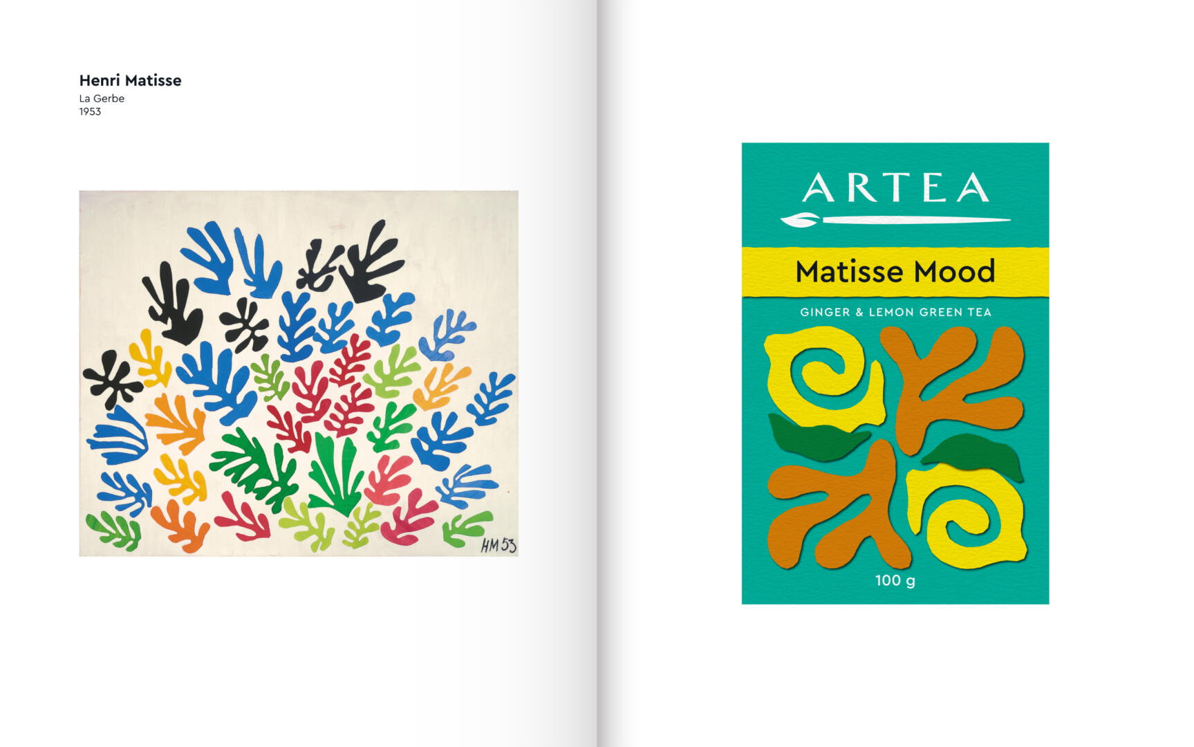 ชาและศิลปะผสมผสานรสชาติ ฉันได้นำศิลปินสิบคนมาอธิบายแนวคิดนี้ ทุกอย่างเริ่มต้นจากจัตุรัสดำของ Malevich ฉันรู้สึกประหลาดใจเมื่อเห็นเส้นใบในรอยแตกของ Black Square ฉันพยายามจับแก่นแท้ของสไตล์ของศิลปินแต่ละคนและผสมผสานเข้ากับชา ARTea — รสชาติของความคิดสร้างสรรค์!
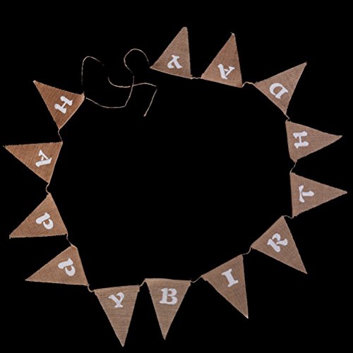 - Color: White, brown. - Material: Burlap. - Each flag size (L * H): Approx. 16 * 13cm / 6.3 * 5.1 inch - Total length: Approx. 3m / 3.3 yd - 13 flags with HAPPY BIRTHDAY print on them. - Perfect for birthday party decoration. - Best for both house decoration or fixed on trees etc. Package Including 1 * Hessian bunting (13 flags) 0
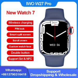 2021 New IWO W27 Pro Smart Watch Series 7 Wireless Charging Bluetooth Call Split Screen PIN Lock Smartwatch 14 Support Siri NFC
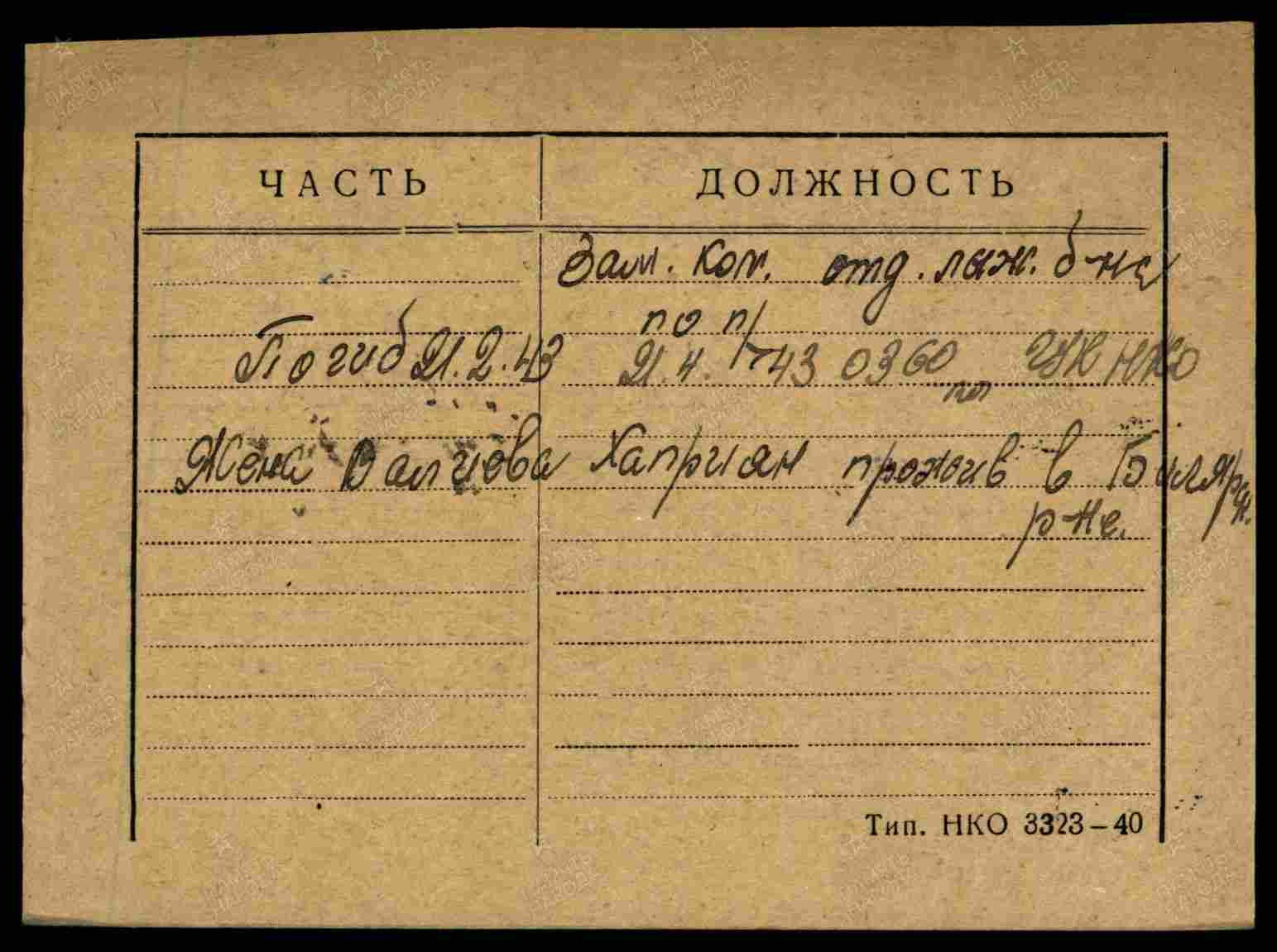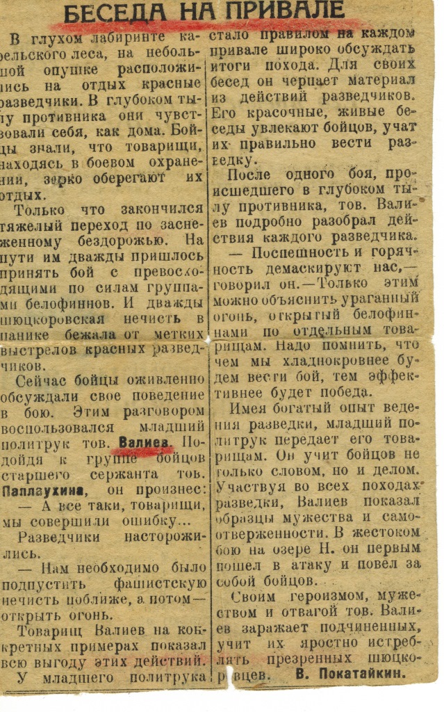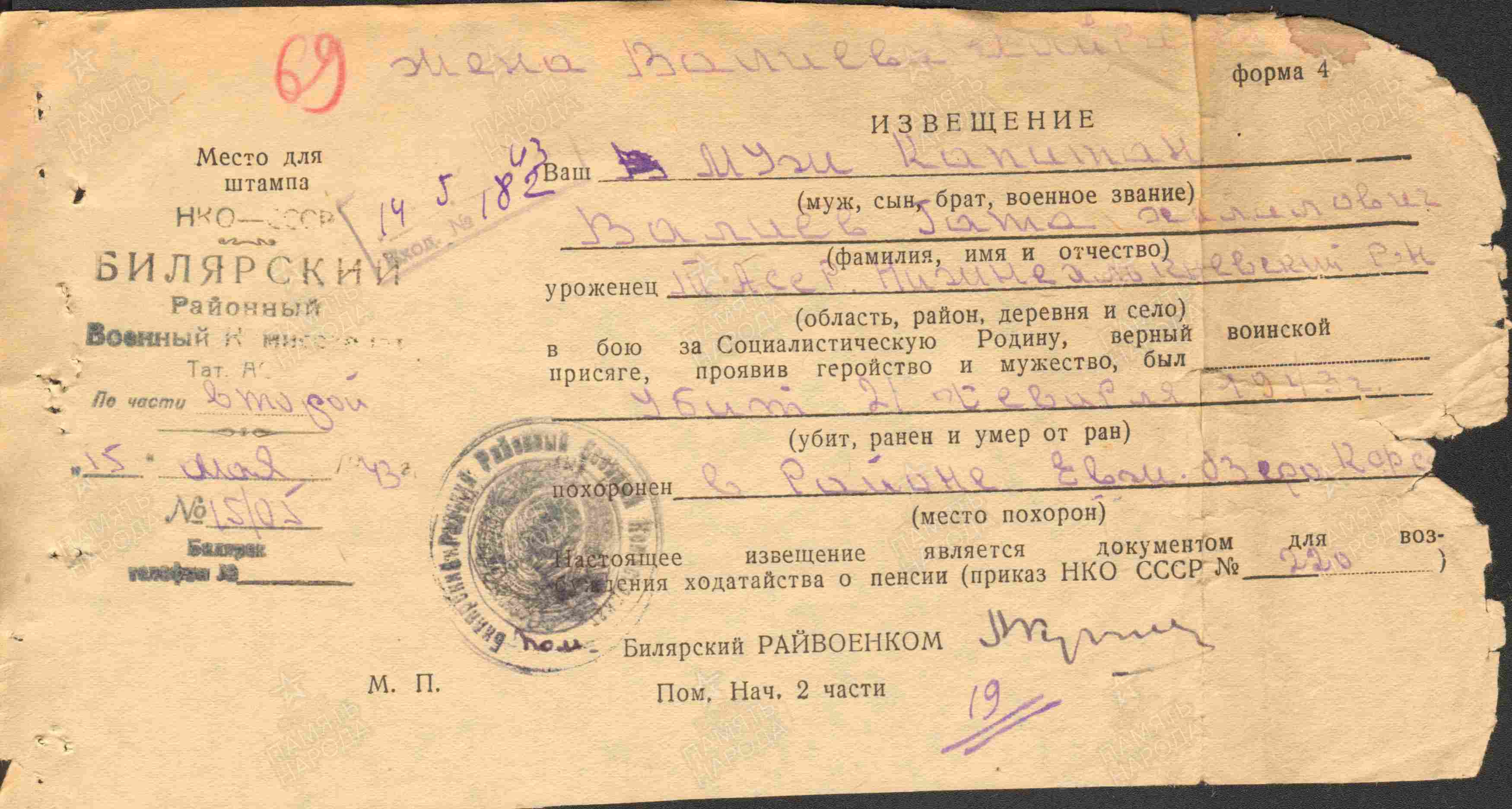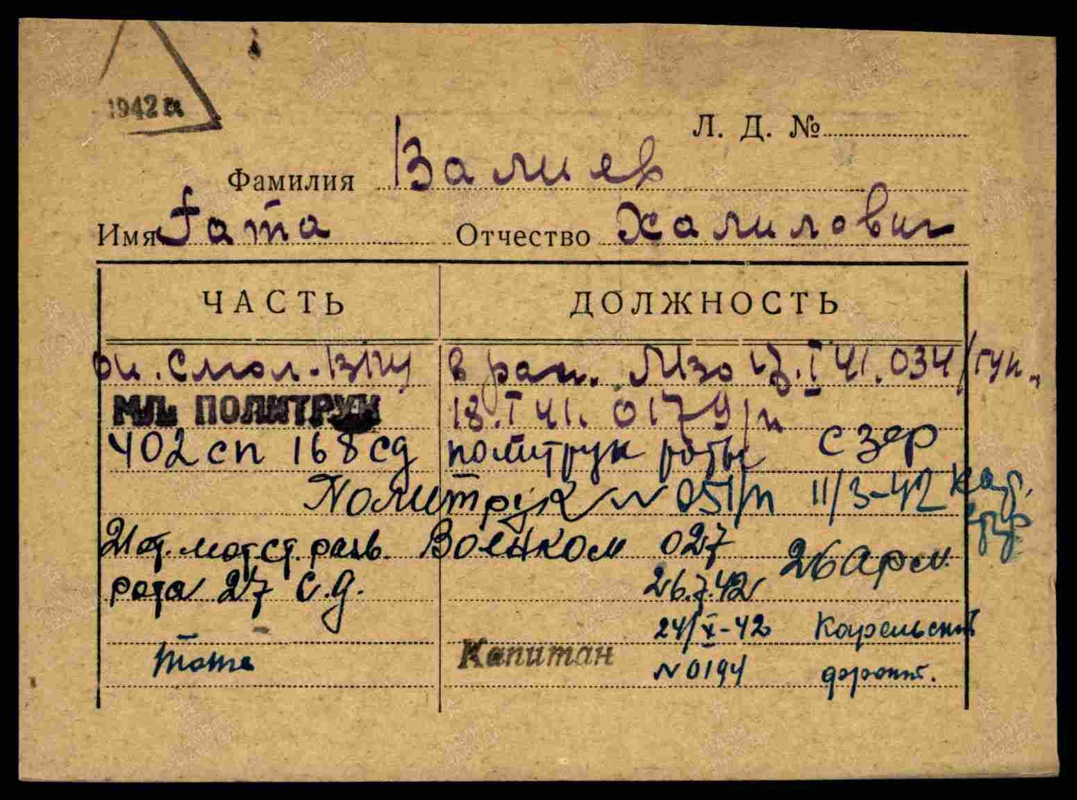 ВАЛИЕВ Гата Халилович, 1916, с. Старое Алпарово, жил в д. Кызыл Уракча. Призван Билярским РВК в 1937. Окончил Смоленское ВПУ. Член ВКП(б). Мл. политрук, политрук роты 402 СП 168 СД 7 А/ 23 А Северного фронта; политрук роты 239 СП/ 337 СП, военком 21 отд. развед. роты, капитан, зам. ком. отд. лыжного батальона 27 СД 26 А Карельского фронта. Погиб и оставлен на территории противника 21 фев. 1943, кв. 2029-а, Евж. Озеро, Муезерский р-н, Карело-финская ССР. Увековечен в п. Ругозеро, Муезерский р-н, Республика Карелия.
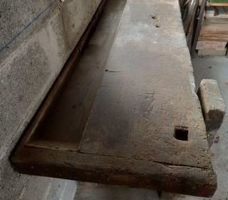 ETABLI DE PROFESSIONNEL.LONG. 2.40 M LARG. 0.58 M DONT UNE RAINURE DE 0.18 M SUR TOUTE LA LONGUEUR EQUIPE DE 2 ETAUX DONT 1 INTEGRE ET LE SECOND EN FER, TRES PUISSANT, AJOU
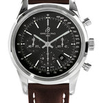 43.00mm stainless steel case, transparent sapphire crystal back, convex sapphire crystal with glareproof treatment on both sides, black dial, selfwinding mechanical Breitling 01 movement with date display, chronograph function, 70 hours of power reserve, brown leather strap with deployant buckle. Water resistant to 100 m (330 ft).
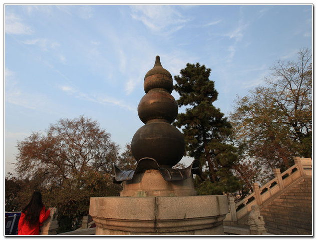 从黄鹤楼上下来,走到楼后,远远就看到了红红的千年吉祥钟。靠近千年吉祥钟时先看到了宝铜项。宝铜顶,系清同治七年(公元1868年)所建的黄鹤楼端顶,高3.4米,底径1.8米,壁厚4厘米,为青铜铸成,重约2吨。铜顶上端为宝瓶攒尖顶,中部呈球体叠加形成的葫芦型,下部为莲花宝座。光绪十年(公元1884年)黄鹤楼被火焚毁后,仅遗此物。
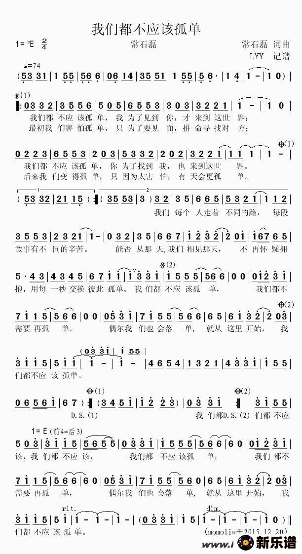 《我们都不应该孤单》最新曲谱 常石磊-momoliu制谱
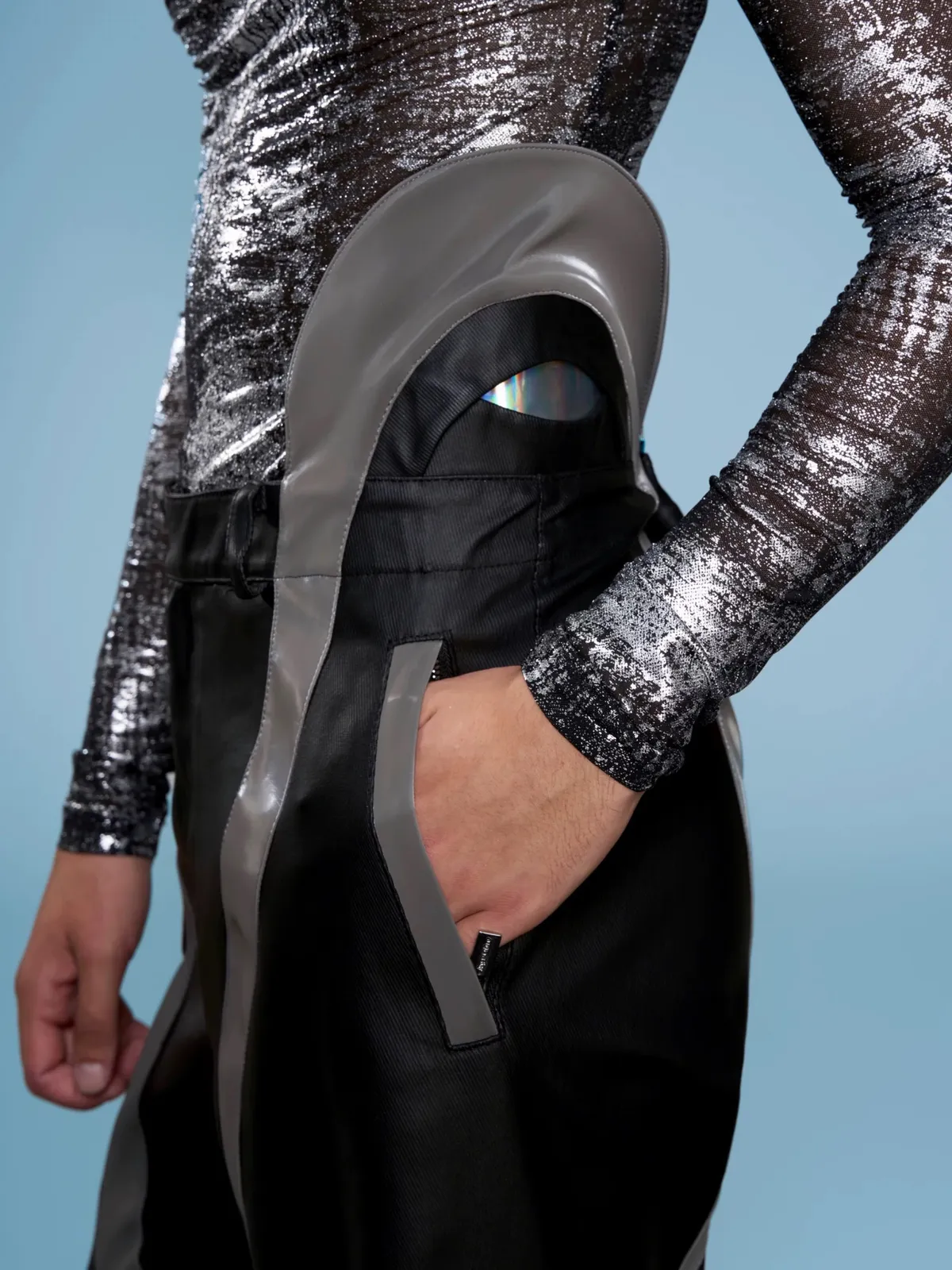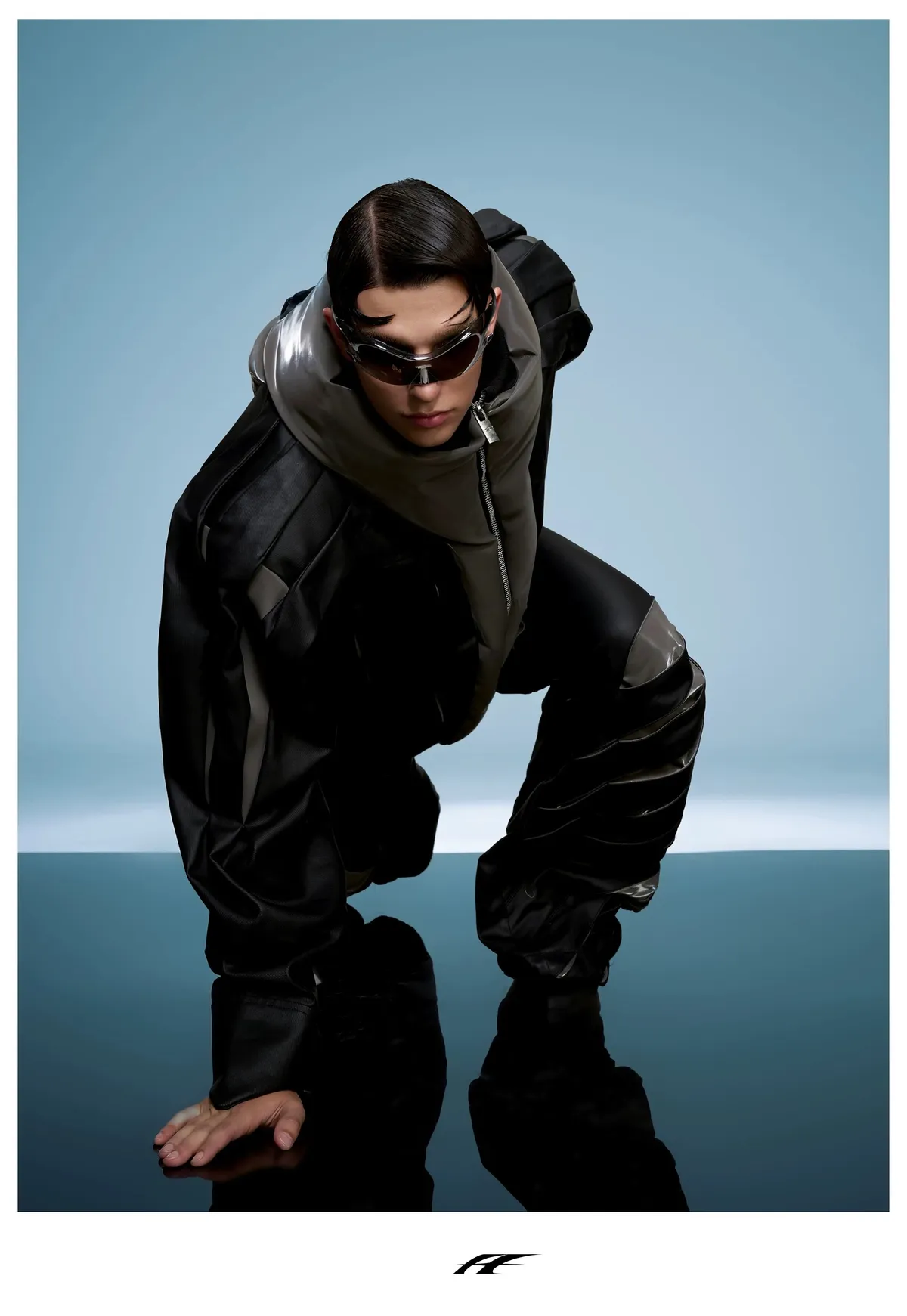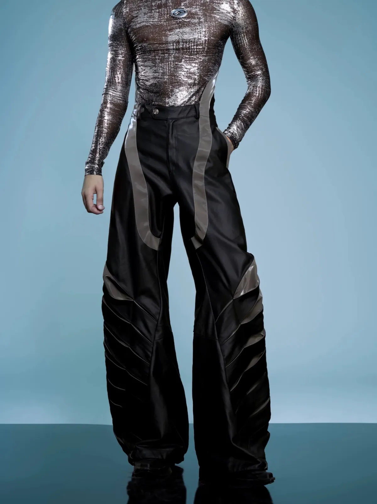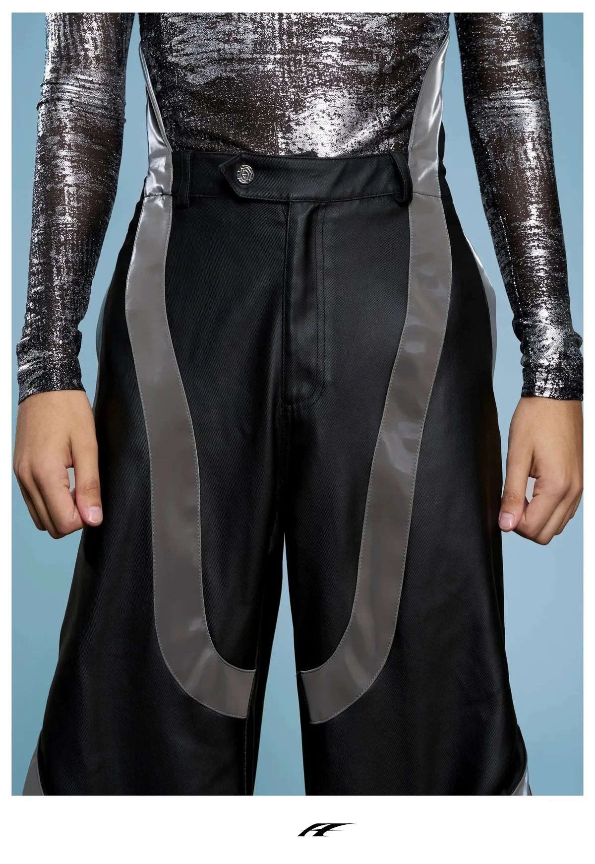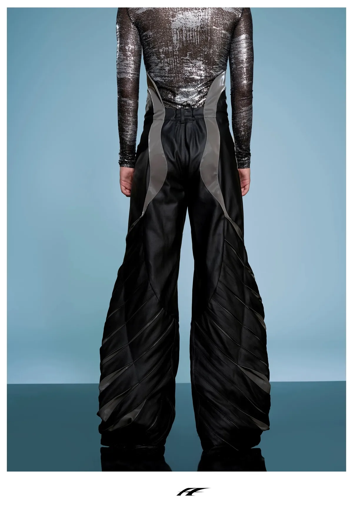 ARGUE 高訂 液態光澤 複合材質 機甲 外套 長褲 套裝(黑色)
# # #
» Task item
When you reproduce the data shown above, keep each line exact and omit every picture.

» Result for this exercise
 ชาและศิลปะผสมผสานรสชาติ ฉันได้นำศิลปินสิบคนมาอธิบายแนวคิดนี้ ทุกอย่างเริ่มต้นจากจัตุรัสดำของ Malevich ฉันรู้สึกประหลาดใจเมื่อเห็นเส้นใบในรอยแตกของ Black Square ฉันพยายามจับแก่นแท้ของสไตล์ของศิลปินแต่ละคนและผสมผสานเข้ากับชา ARTea — รสชาติของความคิดสร้างสรรค์!
 - Color: White, brown. - Material: Burlap. - Each flag size (L * H): Approx. 16 * 13cm / 6.3 * 5.1 inch - Total length: Approx. 3m / 3.3 yd - 13 flags with HAPPY BIRTHDAY print on them. - Perfect for birthday party decoration. - Best for both house decoration or fixed on trees etc. Package Including 1 * Hessian bunting (13 flags) 0
 2021 New IWO W27 Pro Smart Watch Series 7 Wireless Charging Bluetooth Call Split Screen PIN Lock Smartwatch 14 Support Siri NFC
 ВАЛИЕВ Гата Халилович, 1916, с. Старое Алпарово, жил в д. Кызыл Уракча. Призван Билярским РВК в 1937. Окончил Смоленское ВПУ. Член ВКП(б). Мл. политрук, политрук роты 402 СП 168 СД 7 А/ 23 А Северного фронта; политрук роты 239 СП/ 337 СП, военком 21 отд. развед. роты, капитан, зам. ком. отд. лыжного батальона 27 СД 26 А Карельского фронта. Погиб и оставлен на территории противника 21 фев. 1943, кв. 2029-а, Евж. Озеро, Муезерский р-н, Карело-финская ССР. Увековечен в п. Ругозеро, Муезерский р-н, Республика Карелия.
 ETABLI DE PROFESSIONNEL.LONG. 2.40 M LARG. 0.58 M DONT UNE RAINURE DE 0.18 M SUR TOUTE LA LONGUEUR EQUIPE DE 2 ETAUX DONT 1 INTEGRE ET LE SECOND EN FER, TRES PUISSANT, AJOU
 43.00mm stainless steel case, transparent sapphire crystal back, convex sapphire crystal with glareproof treatment on both sides, black dial, selfwinding mechanical Breitling 01 movement with date display, chronograph function, 70 hours of power reserve, brown leather strap with deployant buckle. Water resistant to 100 m (330 ft).
 从黄鹤楼上下来,走到楼后,远远就看到了红红的千年吉祥钟。靠近千年吉祥钟时先看到了宝铜项。宝铜顶,系清同治七年(公元1868年)所建的黄鹤楼端顶,高3.4米,底径1.8米,壁厚4厘米,为青铜铸成,重约2吨。铜顶上端为宝瓶攒尖顶,中部呈球体叠加形成的葫芦型,下部为莲花宝座。光绪十年(公元1884年)黄鹤楼被火焚毁后,仅遗此物。
 《我们都不应该孤单》最新曲谱 常石磊-momoliu制谱
 ARGUE 高訂 液態光澤 複合材質 機甲 外套 長褲 套裝(黑色)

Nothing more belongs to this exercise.